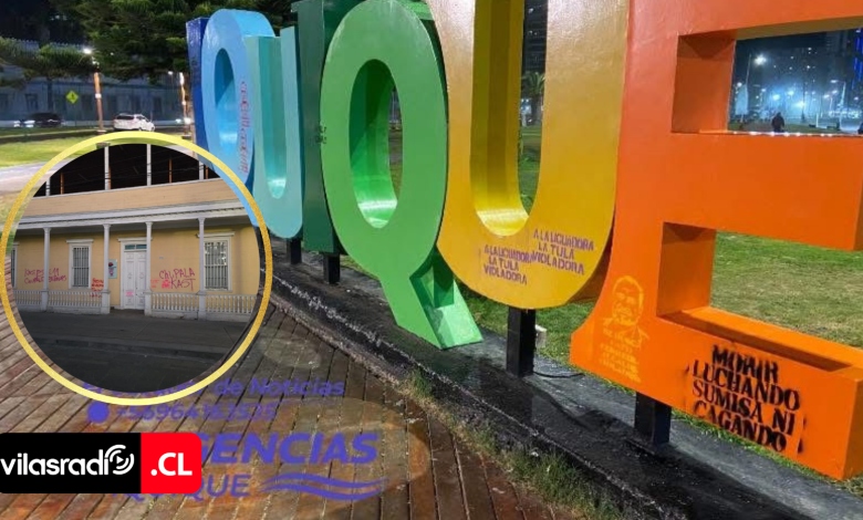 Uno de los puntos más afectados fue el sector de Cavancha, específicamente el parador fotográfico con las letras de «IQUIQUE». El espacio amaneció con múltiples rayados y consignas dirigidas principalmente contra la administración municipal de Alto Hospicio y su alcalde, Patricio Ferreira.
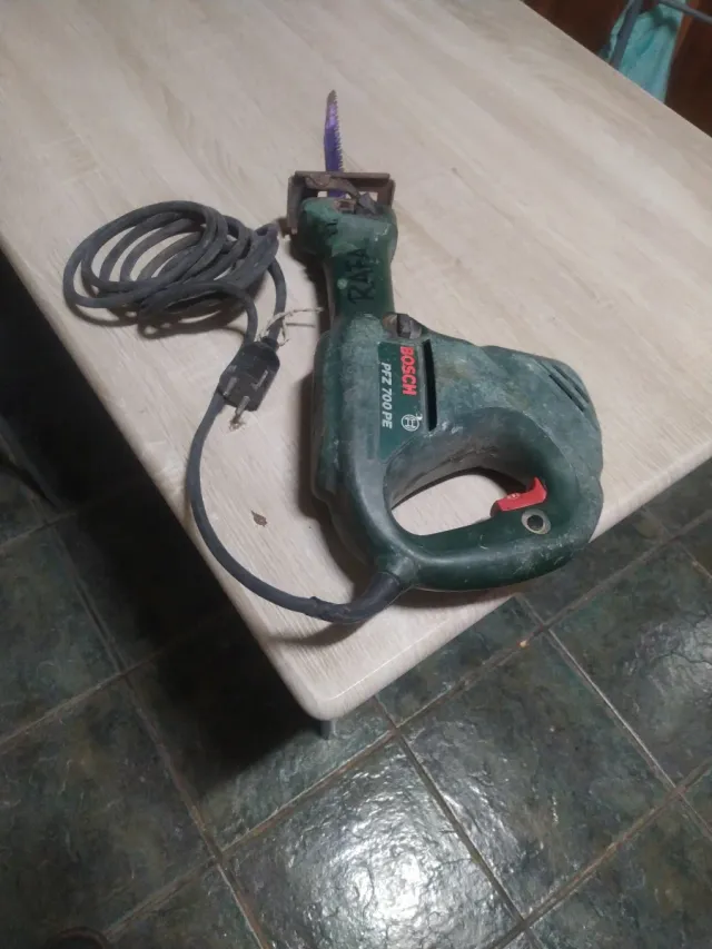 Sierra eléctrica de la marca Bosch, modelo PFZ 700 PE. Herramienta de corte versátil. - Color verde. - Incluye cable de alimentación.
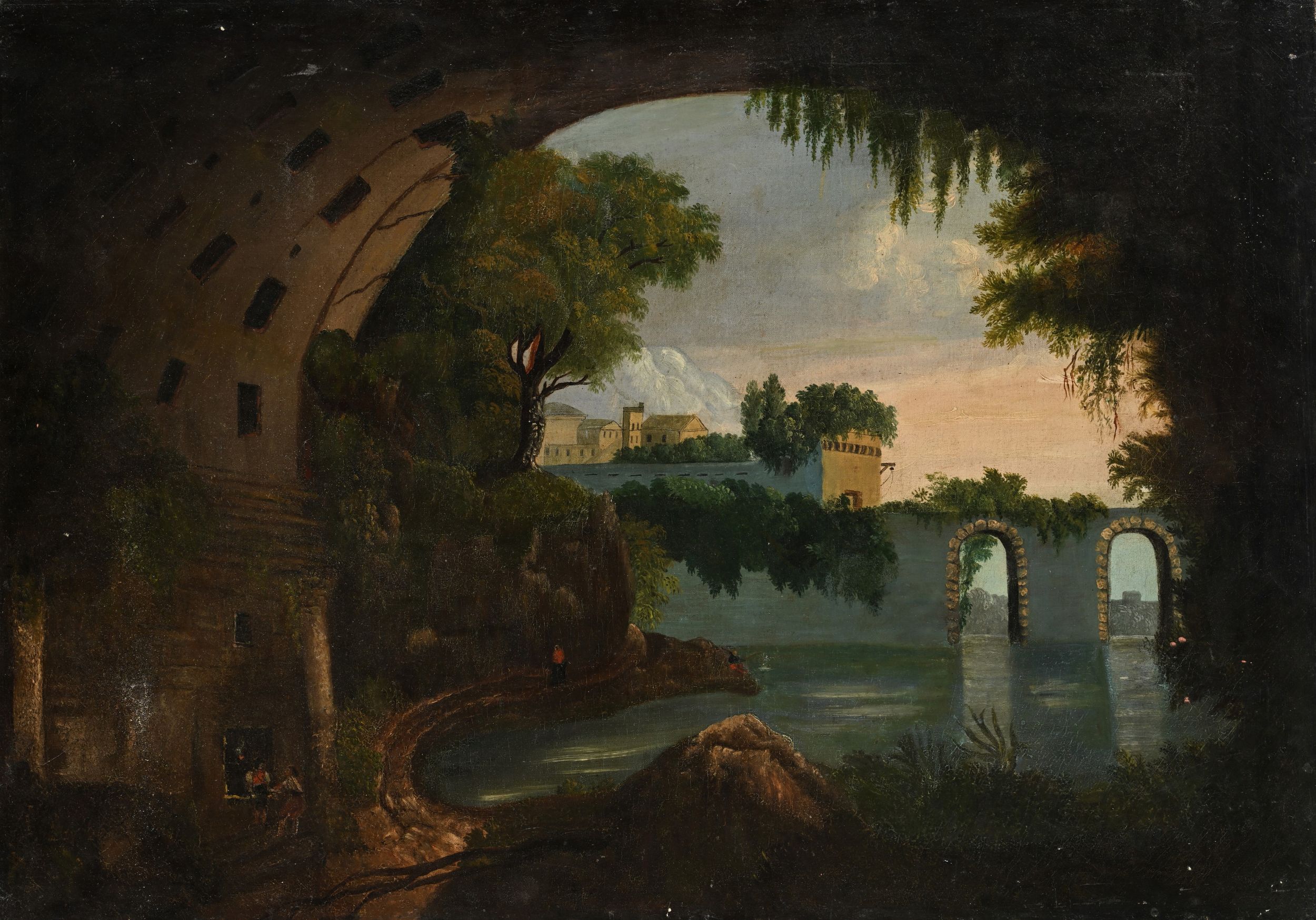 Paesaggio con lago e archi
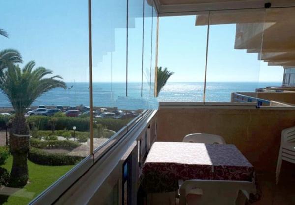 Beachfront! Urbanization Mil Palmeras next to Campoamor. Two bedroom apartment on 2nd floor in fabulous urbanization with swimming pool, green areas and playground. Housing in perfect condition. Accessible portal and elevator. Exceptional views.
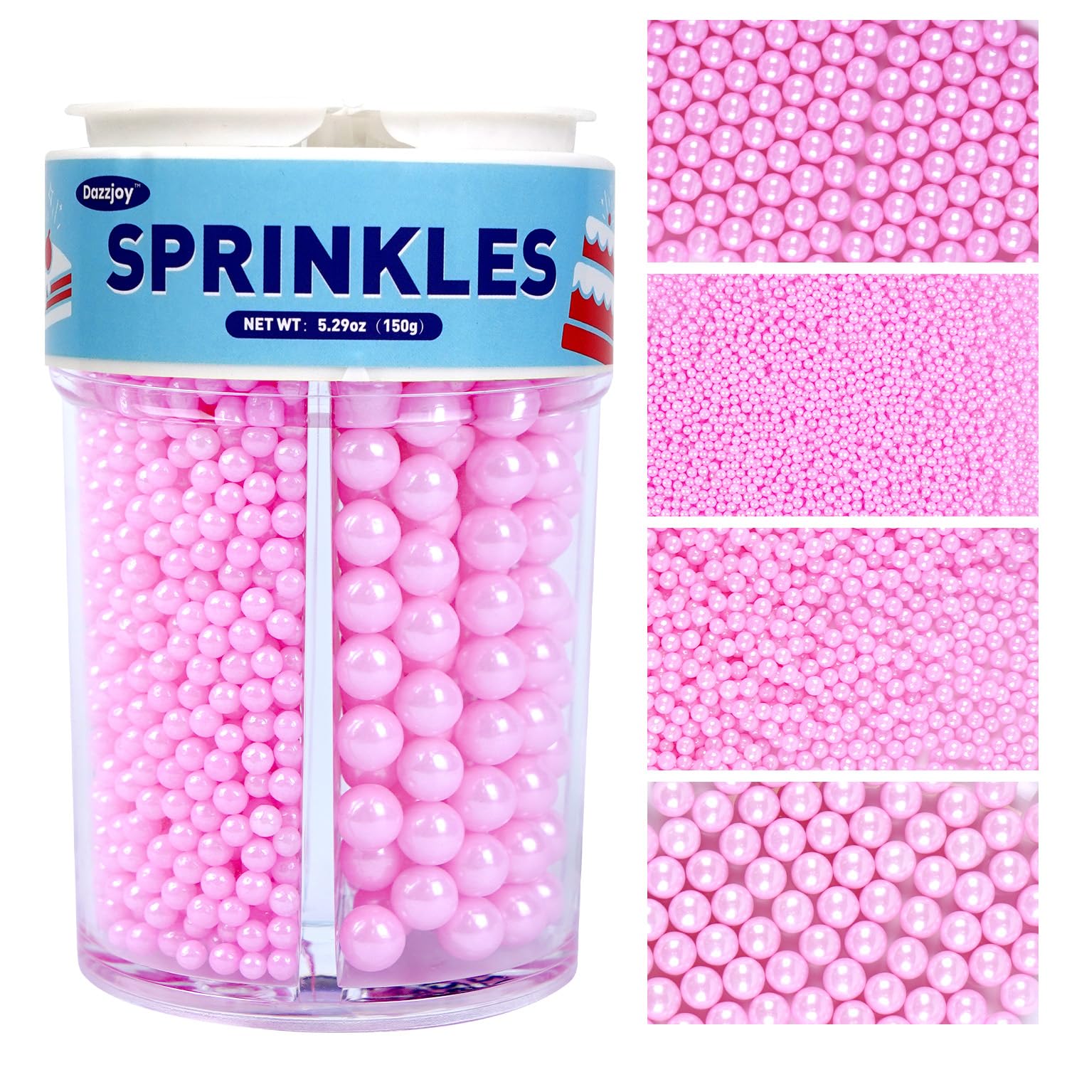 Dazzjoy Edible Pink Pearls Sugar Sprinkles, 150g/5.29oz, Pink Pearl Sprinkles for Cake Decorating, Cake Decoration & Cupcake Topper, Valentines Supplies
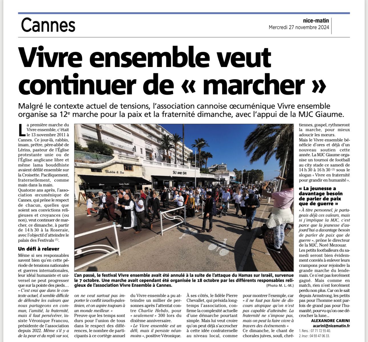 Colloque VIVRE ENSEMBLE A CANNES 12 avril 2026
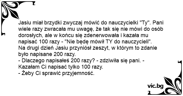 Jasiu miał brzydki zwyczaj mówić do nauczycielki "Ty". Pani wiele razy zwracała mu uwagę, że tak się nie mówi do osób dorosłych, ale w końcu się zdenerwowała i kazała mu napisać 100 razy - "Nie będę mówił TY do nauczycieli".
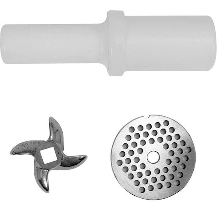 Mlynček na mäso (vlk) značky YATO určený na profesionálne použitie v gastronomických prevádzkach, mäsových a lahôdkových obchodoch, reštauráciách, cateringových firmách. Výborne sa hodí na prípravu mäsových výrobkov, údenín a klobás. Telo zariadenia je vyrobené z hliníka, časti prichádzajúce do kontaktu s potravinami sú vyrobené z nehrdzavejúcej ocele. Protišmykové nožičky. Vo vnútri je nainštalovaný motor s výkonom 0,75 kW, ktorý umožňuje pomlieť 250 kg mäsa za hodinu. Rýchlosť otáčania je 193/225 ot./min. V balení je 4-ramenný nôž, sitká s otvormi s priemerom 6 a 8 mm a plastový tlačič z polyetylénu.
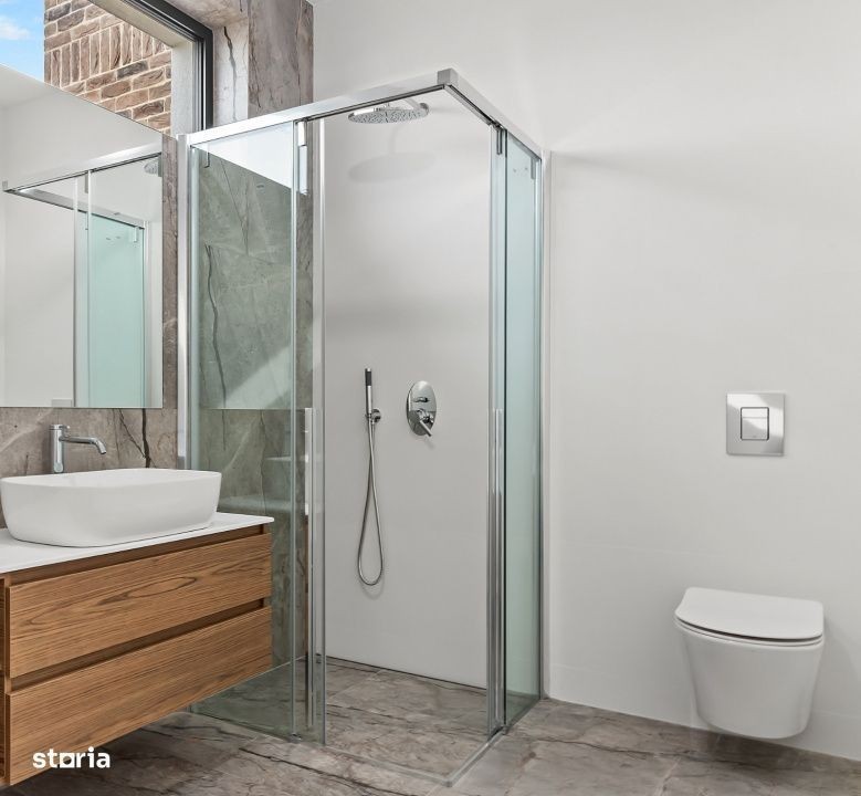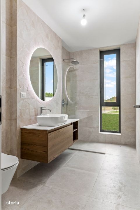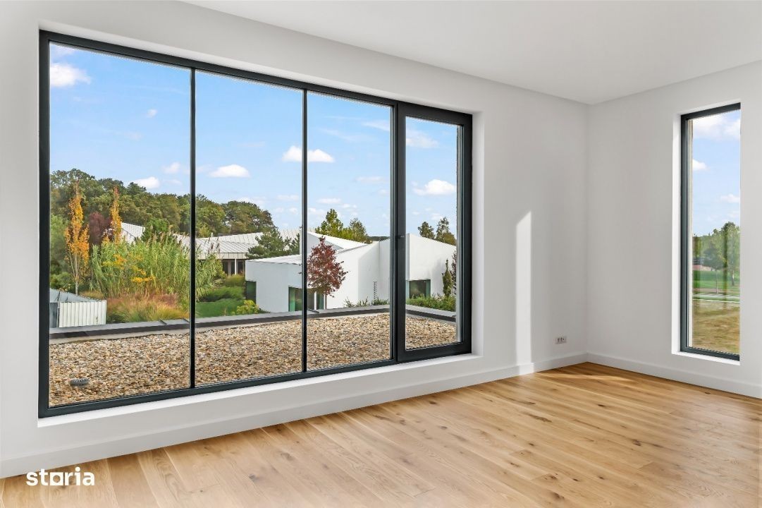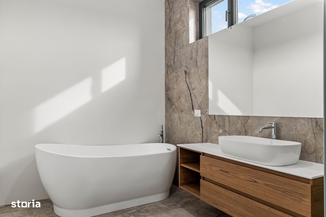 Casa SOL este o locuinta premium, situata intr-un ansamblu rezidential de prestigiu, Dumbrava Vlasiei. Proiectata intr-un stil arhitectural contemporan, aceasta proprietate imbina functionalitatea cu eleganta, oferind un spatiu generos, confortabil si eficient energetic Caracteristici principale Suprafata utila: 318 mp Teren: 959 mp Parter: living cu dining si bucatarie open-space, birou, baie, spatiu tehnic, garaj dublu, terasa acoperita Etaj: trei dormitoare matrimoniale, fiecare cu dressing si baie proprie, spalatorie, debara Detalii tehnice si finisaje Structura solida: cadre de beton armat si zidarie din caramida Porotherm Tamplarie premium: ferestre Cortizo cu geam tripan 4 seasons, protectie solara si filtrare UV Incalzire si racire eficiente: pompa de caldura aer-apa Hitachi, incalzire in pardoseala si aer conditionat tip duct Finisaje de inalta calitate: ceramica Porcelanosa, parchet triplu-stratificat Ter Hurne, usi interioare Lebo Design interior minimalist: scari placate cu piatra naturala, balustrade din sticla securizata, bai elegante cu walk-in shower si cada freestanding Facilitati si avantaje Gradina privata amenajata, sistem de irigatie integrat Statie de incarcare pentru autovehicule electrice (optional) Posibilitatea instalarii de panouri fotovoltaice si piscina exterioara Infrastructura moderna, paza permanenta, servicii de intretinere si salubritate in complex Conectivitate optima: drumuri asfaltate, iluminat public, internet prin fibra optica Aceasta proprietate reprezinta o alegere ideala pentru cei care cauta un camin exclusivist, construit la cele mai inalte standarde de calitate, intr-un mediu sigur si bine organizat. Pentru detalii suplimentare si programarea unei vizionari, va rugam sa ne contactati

_What needs to be done_
Leaving out all pictures, set down exactly the lines of the material above, from the line with "Colloque VIVRE ENSEMBLE" to the line with "Jasiu miał brzydki" inclusive, and no others.

_Solution to the exercise_
 Colloque VIVRE ENSEMBLE A CANNES 12 avril 2026
 Jasiu miał brzydki zwyczaj mówić do nauczycielki "Ty". Pani wiele razy zwracała mu uwagę, że tak się nie mówi do osób dorosłych, ale w końcu się zdenerwowała i kazała mu napisać 100 razy - "Nie będę mówił TY do nauczycieli".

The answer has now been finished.